The sources on this page will help you understand current law relevant to collaboration and collaborative endeavors.
Collaborative Forest Landscape Restoration Act: Congress, under Title IV of Omnibus Public Land Management Act of 2009 (PDF, 40 KB), established the Collaborative Forest Landscape Restoration Program (CFLRP). The purpose of the CFLR Program is to encourage the collaborative, science-based ecosystem restoration of priority forest landscapes.
Collaborative Forest Restoration Act (P.L.106-393, Title VI): This act establishes the Collaborative Forest Restoration Program (CFRP) in New Mexico. CFRP is a cost-sharing program that promotes collaborative forest restoration projects on public land. Multiparty monitoring is a key requirement of CFRP projects.
Federal Advisory Committee Act (5 USC Title 5): FACA provides detailed rules for federal agencies working with collaborative groups and integrating their ideas into decisions. The intent of FACA is to ensure access for all citizens in agency policy decisions.
Healthy Forests Restoration Act: The Healthy Forests Restoration Act of 2003 significantly changed the way the Forest Service and the Bureau of Land Management do fuel reduction projects to reduce the risk of catastrophic fire. In addition to specifying how special fuels reduction projects should be created and implemented, the law also promotes use of biomass and small diameter materials; creates a forest reserve program; provides technical assistance for private landowners, and addresses insect infestations and other environmental threats to healthy forests.
National Environmental Policy Act (NEPA). One of the primary goals of the NEPA is to encourage meaningful public input and involvement in the process of evaluating the environmental impacts of proposed federal actions. A NEPA Task Force found that collaborative approaches to engaging the public and assessing the impacts of federal actions under NEPA can improve the quality of decision-making and increase public trust and confidence in agency decisions.

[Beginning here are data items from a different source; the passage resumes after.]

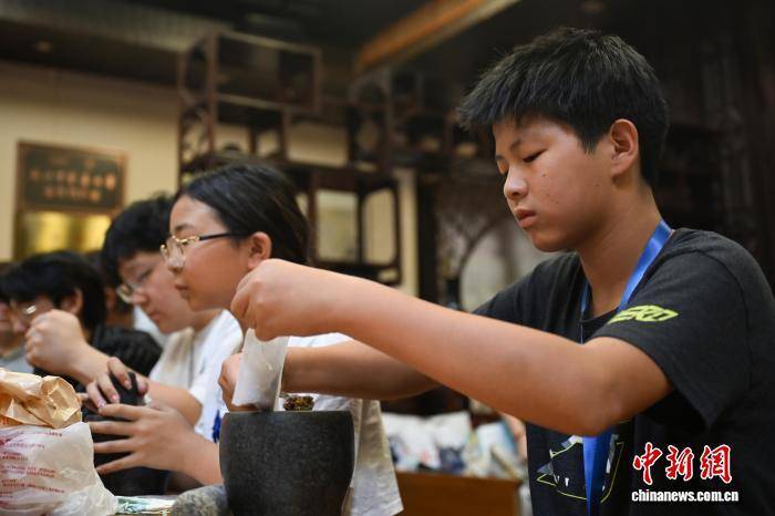 8月13日,多名欧洲华裔制作香囊。当日,“浙江大学国际联合商学院(ZIBS)世界与未来青少年暑期学校——2025年欧洲时报文化中心欧洲华裔青少年浙江行”走进杭州,来自法国、德国的30名华裔青少年参访杭州方回春堂,体验中医“望闻问切”和香囊制作,感受千年中医文化。
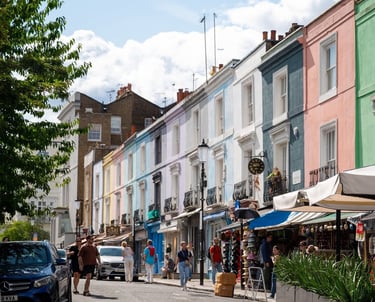 Notting Hill’in cazibesi, şüphesiz pastel tonlara boyanmış sıra evlerinde gizli. Portobello Road’dan kısa bir yürüyüşle kendini bu masalsı sokaklarda bulabilirsin.
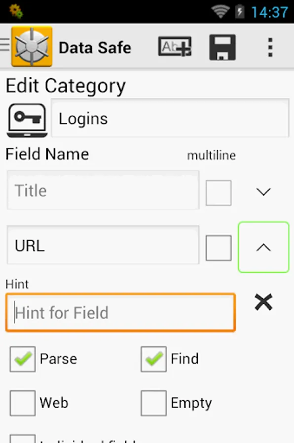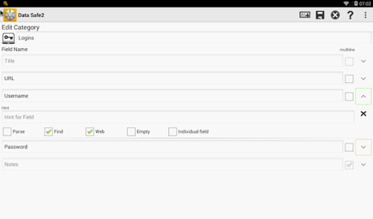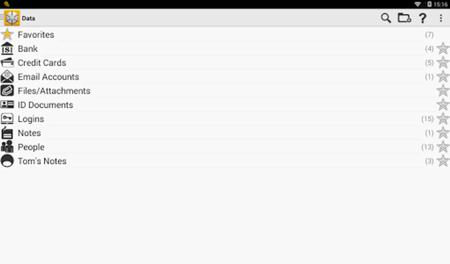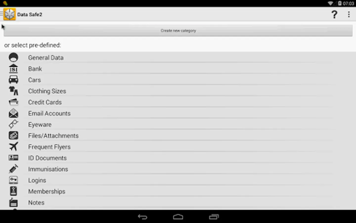 • Categories for logins, passwords, bank data, credit cards, confidential notes and more.
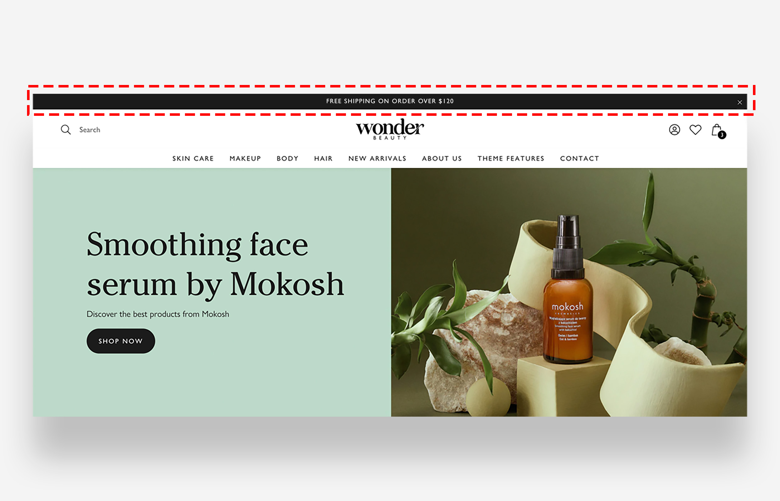 The announcement bar is an optional section that, when enabled, is permanently located at the top of every page of your store's website. You can add there interesting information such as: promotions, announcements, sales and news.
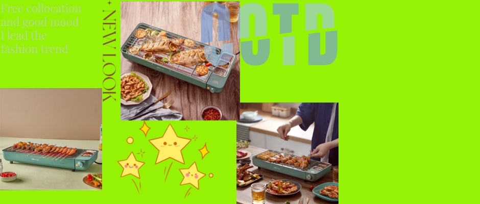 电烧烤炉家用烤串机室内无烟自助电烤炉露营户外小型[带调料盘],多功能电烤炉,使用前加少量水,无极旋转调节火力,如炭火般爆烤肉质金黄喷香。
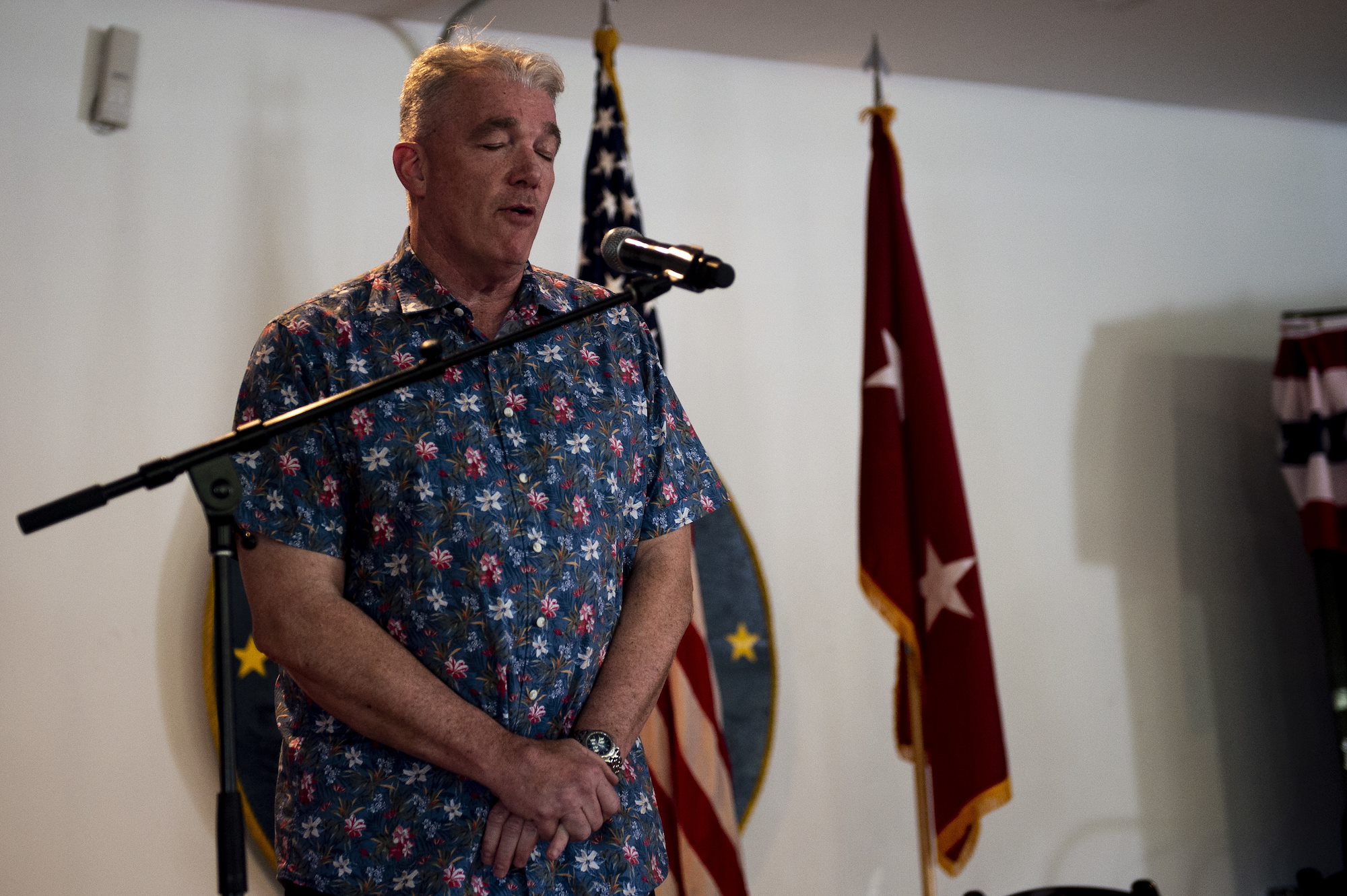U.S. Navy Capt. Robert H. Carpenter, command chaplain for Combined Joint Task Force-Horn of Africa, leads prayer before lunch during a barbecue on Camp Lemonnier, Djibouti, Oct. 20, 2018. CJTF-HOA leadershp hosted the barbecue after an award ceremony that honored CJTF-HOA’s three Service Members of the Quarter. (U.S. Air Force photo by Senior Airman Scott Jackson)
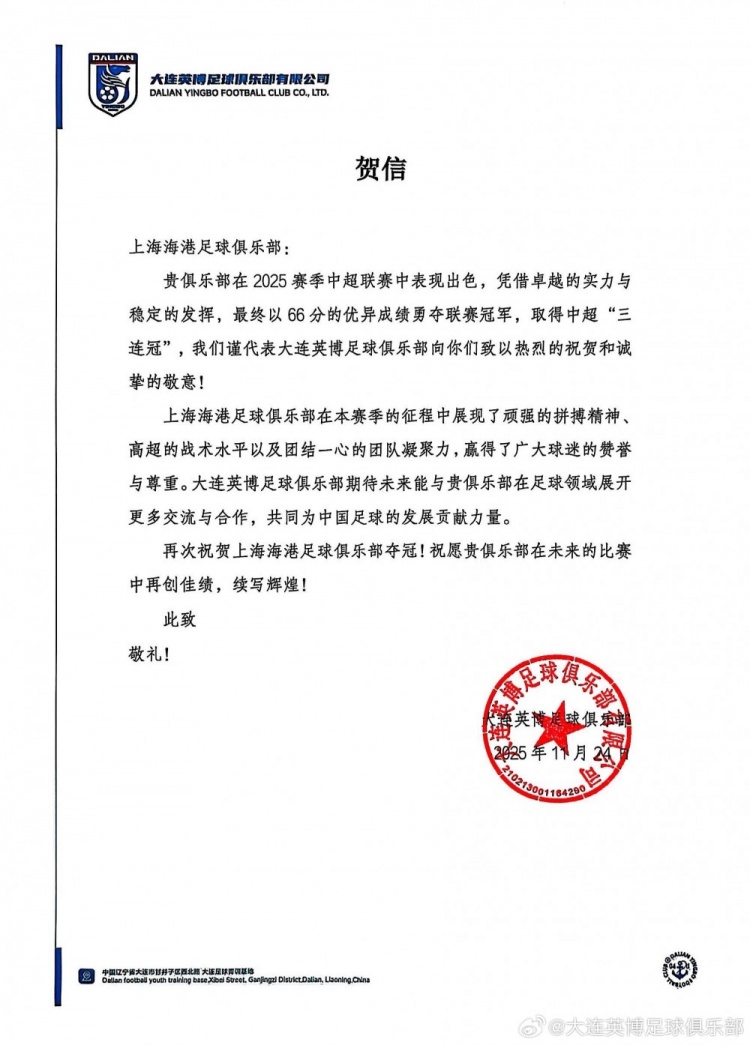 贵俱乐部在2025赛季中超联赛中阐发出色,凭借超卓的实力与肃穆的说明,最终以66分的优异收成勇夺联赛冠军,得到中超“三连冠”,咱们谨代表大连英博足球俱乐部向你们致以激烈的祝愿和针织的敬意!

Secure Rural Schools (Public Law 106-393): Since 1908, the federal government has paid the states between one-quarter to one-half of the revenue received from National Forest System lands, with payments to be used primarily for schools and road maintenance by the counties in which those federal lands are located. With the steep decline in federal timber sales in the late 1980s, revenue to local governments also declined. In response, Congress passed the Secure Schools Act in 2000 to stabilize payments to counties and to "make additional investments in, and create additional employment opportunities through projects that improve the maintenance of existing infrastructure, implement stewardship objectives that enhance forest ecosystems, and restore and improve land health and water quality." The Act also establishes Resource Advisory Committees, a collaborative mechanism for local communities to design, fund and implmenent many types of restoration projects.

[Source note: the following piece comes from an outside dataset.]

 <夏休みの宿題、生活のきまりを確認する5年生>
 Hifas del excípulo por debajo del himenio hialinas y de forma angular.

Service First Authority (P. L. 106-291, 109-54, 110-329, 111-8): The laws creating Service First give the Secretaries of the Interior and Agriculture the authority to establish pilot programs involving certain land management agencies to conduct activities jointly or on behalf of one another; collocate in federal offices or leased facilities; make reciprocal delegations of their respective authorities, duties and responsibilities, and make transfer of funds and reimbursement of funds on an annual basis, including transfers and reimbursements for multi-year projects. Service First is a concept of organizing work with an external focus. It's about achieving the timeless goals of land stewardship and quality public service.
Stewardship Contracting: The 2003 Appropriations Act (16 U.S.C. 2104 Note) provides the Forest Service and the Bureau of Land Management ten-year authority to enter into stewardship contracts and agreements. Stewardship contracting is intended to promote collaborative working relationships with local communities, improve land conditions, and help develop sustainable rural economies by developing, implementing, and monitoring projects collaboratively. Final agency direction became effective December 12, 2005.
Tribal Forest Protection Act (P.L. 108-278): The Tribal Forest Protection Act (TFPA) establishes a process for tribes to work collaboratively with federal agencies to perform hazardous fuel reduction and forest health projects on federal lands adjacent to tribal lands.